Grand Rounds Recap 12.20.17

Morbidity and Mortality with Dr. Gorder

Case 1 - Aortic Dissection

Stanford Classification of Aortic Dissection

  • Type A: involves the aortic arch, commonly starting in the right lateral ascending aorta which is where the RCA takes off of the aortic root
  • Type B: occurs distal to the left subclavian and does not involve the aortic arch

Epidemiology. Often presents in men between ages 50-70 years old. It is thought that 25% of aortic dissections occur between 8AM-noon due to daily swings in blood pressure.

Studies have shown that mortality increases by 1-2% per hour after initial dissection occurs. 

Risk Factors

  • Hypertension
  • Structural abnormalities such as aortic valve replacement, bicuspid aortic valve
  • Genetic abnormalities such as mixed connective tissue disorders
  • Drug induced most commonly from cocaine
  • Vasculitis like syphilis that cause dilation of the aortic root
Figure 1. 2014 ESC Guidelines on management of Aortic Diseases common presenting symptoms for dissections

Figure 1. 2014 ESC Guidelines on management of Aortic Diseases common presenting symptoms for dissections

Common presenting symptoms as described from the IRAD (International Registry of Acute Aortic Dissection) are sudden, acute onset of sharp, stabbing severe pain.  The 2014 ESC Guidelines on Management of Aortic Diseases comments on common presenting symptoms for type A and B dissections. (Figure 1).

Diagnostics

  • Blood pressure. Patients with type A dissections are often normotensive. Patients with type B dissection are commonly hypertensive. Patients are hypotensive due to either hemorrhage from extravasation or due to tamponade physiology. 
  • Abnormal pulses and unequal blood pressures occur in <30% of patients. 
  • D-dimer in aortic dissection. A study in Circulation in 2009 describes a 95% NPV at 500 ng/mL cut off for patients presenting in the first 24 hours. The American Heart Association does not recommend routine use of D-dimer in the diagnosis of aortic dissection. 
  • Chest x-ray. Mediastinal widening is seen in 63% of patients with type A dissections and 56% of patients with type B dissection, and terrifyingly chest x-rays are read as normal in 13% of patients. The AHA recommends that CXRs should not be used to rule in or out dissection but as part of the work up of aortic dissection. Pleural effusions are seen in 19% of patients and is likely due to extravasation from the dissection flap.

EKG Changes

  • Demand ischemia from hypotension, aortic regurgitation, or shock. These will often be non specific EKG changes.
  • Direct involvement of the right or left coronary arteries from the dissection flap. This is only seen in type A dissection.
  • Electrical alternans can be seen if cardiac tamponade is present. 
  • A study of patients with type A dissections found that 49% of patients present with new EKG changes. Of these patients, 8% of patients with type A dissections present with ST elevation, most commonly RCA STEMIs. ST depressions are seen in 34% of patients,

Most common ED working diagnosis in missed dissection is ACS. 

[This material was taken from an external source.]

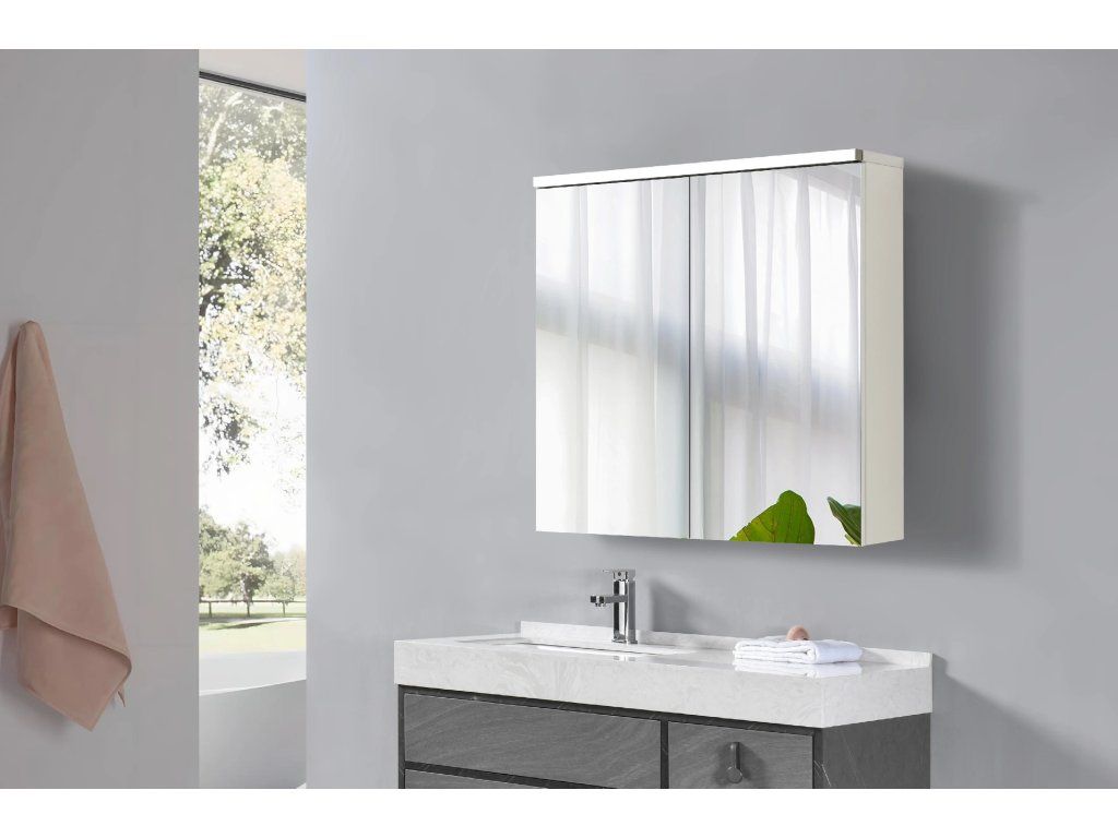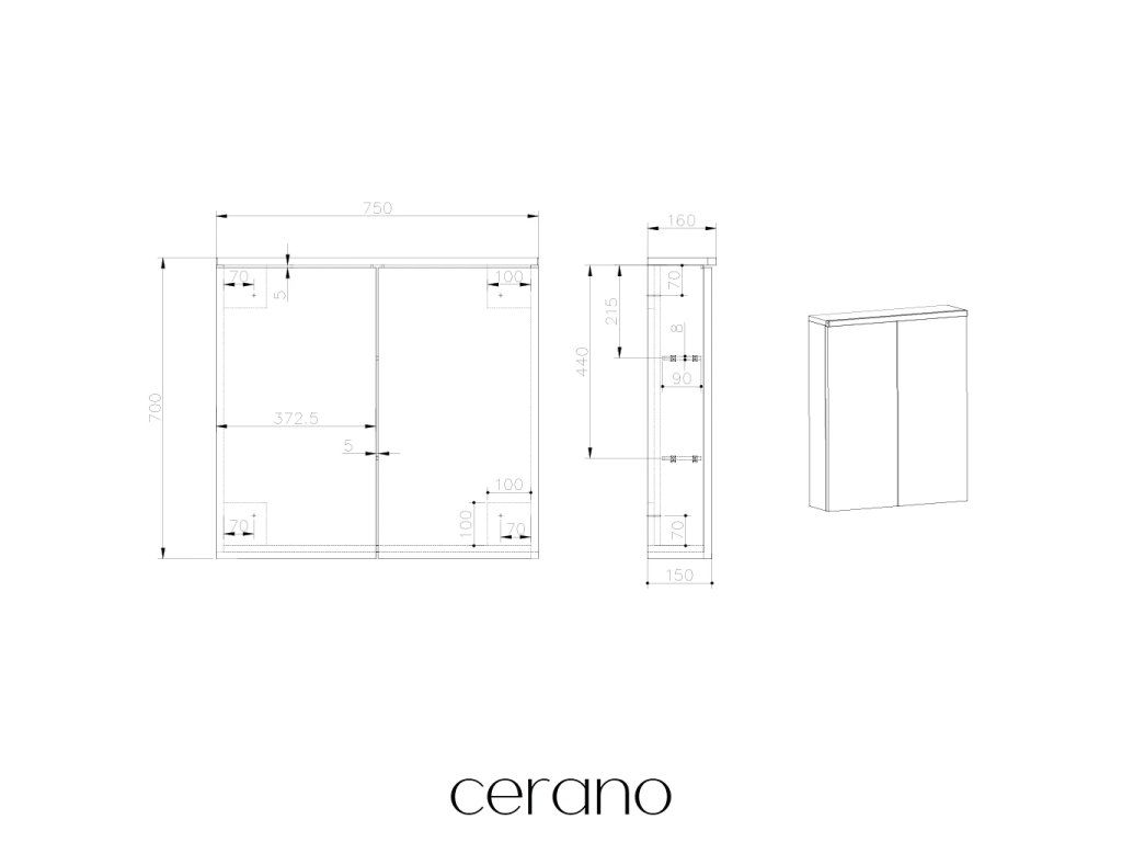 CERANO - Kúpeľňová zrkadlová skrinka s LED osvetlením Avia - biela matná - 75x70x16, 5 cm

It is important to consider aortic dissection in intermittent to high risk chest pain patients with out a diagnostic EKG. 

Ultrasound

  • EM performed bedside TTE is 77-80% sensitive, 93-96% specific. Cardiac ultrasound is better for identifying type A dissection. 

Case 2 - Adrenal Insufficiency

Hypothalamus secrets hormones to the pituitary which secretes hormones to end organs. 

Diabetes Insipidus

  • Symptoms are commonly excessive urination and extreme thirst. 
  • Central DI implies that there is a problem with the hypothalamus or pituitary due to a lack of ADH. 
  • Diagnosed with a water deprivation test.
  • Treated with ddAVP, a synthetic analogue of ADH.

Adrenal Insufficiency

  • Primary - Problem with the adrenals themselves, a lack of production of hormones by the adrenal glans. Most commonly due to Addison's Disease, an autoimmune disorder. These patients lack glucocorticoids (cortisol) and mineralocorticoids (aldosterone). 
  • Secondary - Due to impairment of the hypothalamus or pituitary gland resulting in a lack of ACTH. Commonly due to pituitary adenomas.
  • Tertiary - Due to lack of corticotropin releasing hormone. Commonly due to abrupt cessation of chronic steroid use. 
  • Electrolyte abnormalities - Most commonly patients have no electrolyte abnormalities. However, some electrolyte abnormalities are classically described in the literature and often seen in primary adrenal insufficiency. Hyperkalemia is due to a lack of aldosterone which normally regulates the secretion of urinary potassium. Hyponatremia is due to a lack of aldosterone and also the lack of cortisol.
  • Treatment of adrenal insufficiency is individualized for each patient. Most patients need glucocorticoid (hydrocortisone) replacement and some patients may also require mineralocorticoids (fludrocortisone).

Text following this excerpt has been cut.